Figure 1 shows the results of this test:

Figure 1 - Based on Cash From Operations minus Capital Spending

Oh well. Many who have done this sort of analysis have seen results like that; good performance for most of the 2000s with you-know-what breaking loose in the past year or so. True the relative down-market performance was positive, but much of that stems from the past; the second-half of 2008 contained a disproportionate number of dreadful months.

But measuring this simple metric against the S&P 500 isn't really the point here. What we're really trying to do is consider different ways of calculating the ratio, which, by the way, does seem to closely resemble return on assets. So let's look next at the latter. The denominator of the fraction (total assets) remains unchanged, but in the numerator, we use garden variety net income which reflects a charge for depreciation rather than cash capex. Figure 2 shows the result of this approach:

Figure 2 - Based on conventional Net Income

Ouch.

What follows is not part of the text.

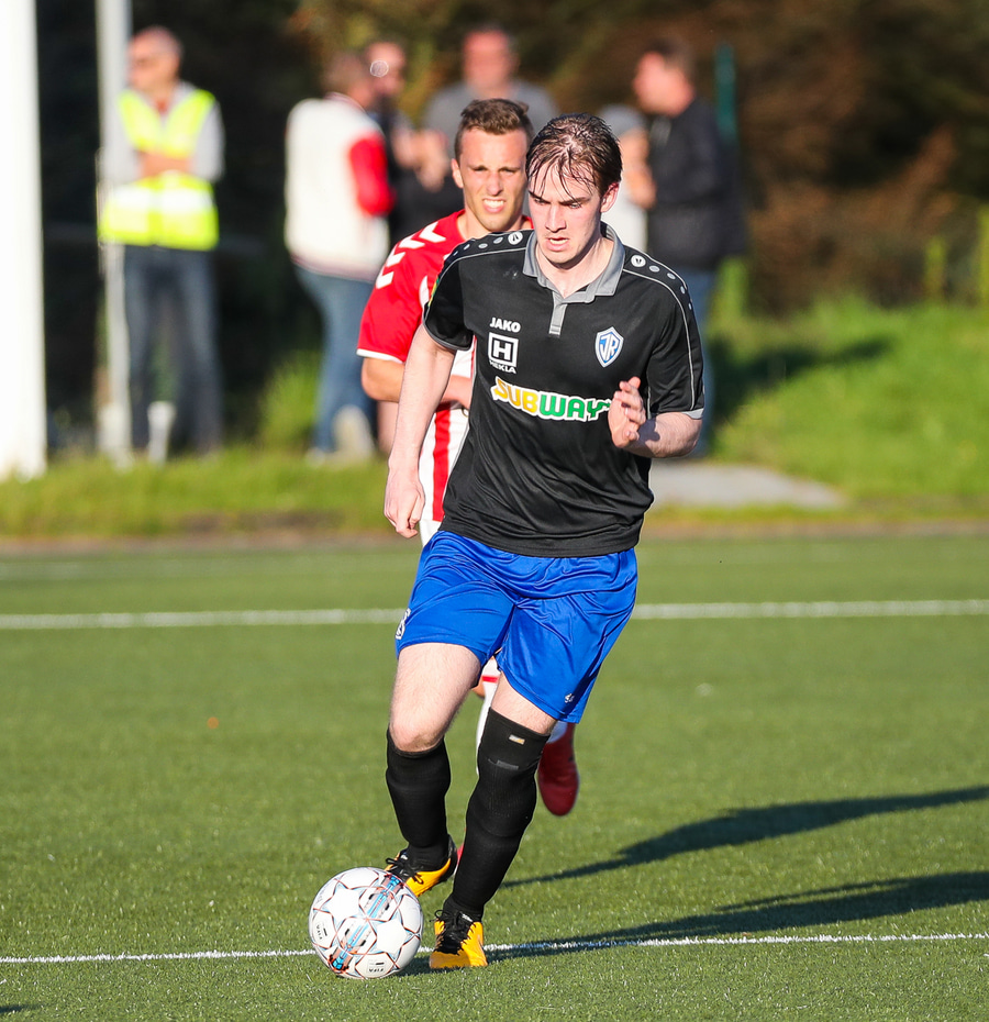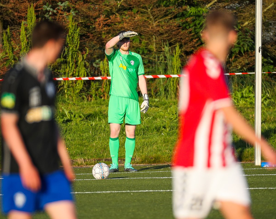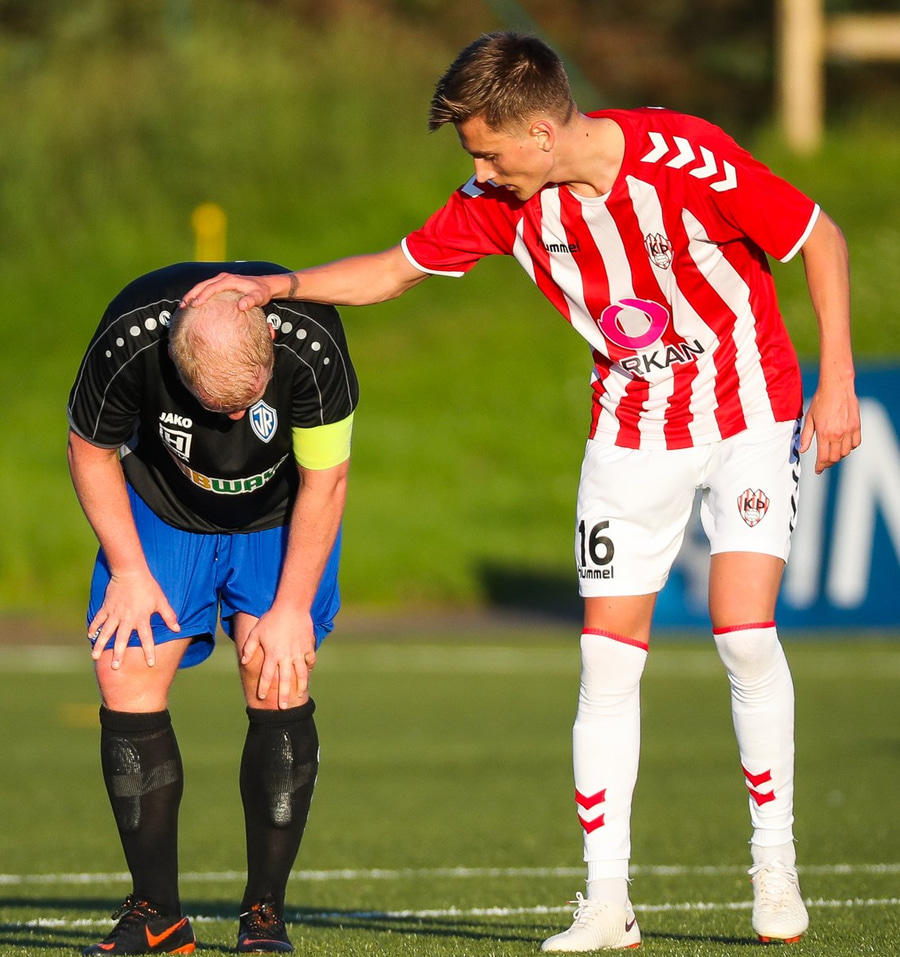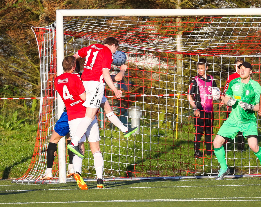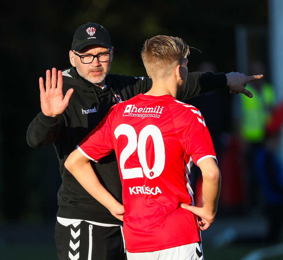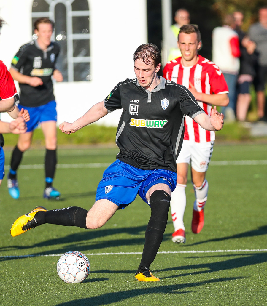 Aftur kemur fyrirgjöf frá Jasper og aftur er Viktor að gera sig breiðan í teignum en nú nær Már að stoppa hann. Már liggur eftir, þeir virðast hafa skallað saman. Ef ekki væri fyrir Má þarna væri staðan 2-0.

Again, I'm not so much bothered by the inconsistent and too-often lackluster results relative to the S&P 500 (as I would be if this were offered as a full-fledged stock-selection protocol) as I am by the fact that it compares poorly with Figure 1.

Is it possible that investors are completely indifferent to the realities of plant modernization and are locking in on the most short-term of views ("show me the cash now, the heck with the future")?

Before accepting such a depressing conclusion, let's consider one more test.

Look again at the numerator in the first metric I tested: Cash From Operations minus Capital Spending. Computing the second metric, Net Income, is not simply a matter of swapping depreciation for capital spending. There are other accounting accruals involved in net income. Let's get these other accruals off the table by changing the numerator to Cash From Operations minus Depreciation.

Usually, accrual-hating investors eliminate all of these things, while the net-income crowd includes them all. I'm going to steer a middle course by eliminating all accruals except for depreciation. In other words, I'm saying that I, too, generally hate accruals, but I'm making a special exception for depreciation because this particular accounting fiction strikes me as being pretty sensible.

Figure 3 shows the result of a test of the latter approach:

Figure 3 - Based on Cash From Operations minus Depreciation

That's interesting. Not only did this middle approach perform best, it was especially noteworthy for its strength in down months (including many of the ones we've been experiencing recently).

I'm not sure at the moment why use of depreciation proved so helpful in bad times. Companies are probably reigning in capital spending now in response to the recession and financial crisis. Perhaps cash flow is being perceived as being inflated by unusually slim capex leaving depreciation as a more reliable measure of ongoing financial performance. I don't know. I'm just thinking out loud. But such reasoning would seem consistent with my initial position to the effect that a reasonable even if imperfect attempt to match revenue with associated plant spending trumps a purer number that doesn't even try to make this crucial match.

Score one for the depreciation accrual

It looks like I'm concluding here that accruals are generally bad except for depreciation, which stands as the one good accrual.

I do think we ought to give depreciation a lot more respect than it deserves. Even value investors who do detailed cash-in and cash-out models have food for thought.

But I'm not at all going to say the other accruals are necessarily worth bashing. This isn't the first time I addressed this general topic. In September, I presented some tests which suggested that problems associated with accruals may really have more to do with items that obstruct an investor's effort to see ongoing trends, free from occasional, even if sometimes large, oddities.

I don't think we're anywhere close to having the last word, one way or the other, on the topic of accruals. But pending a lot more research, it seems that basic accounting concepts may warrant a bit more in terms of a presumption-of-innocence than they often get from the investment community.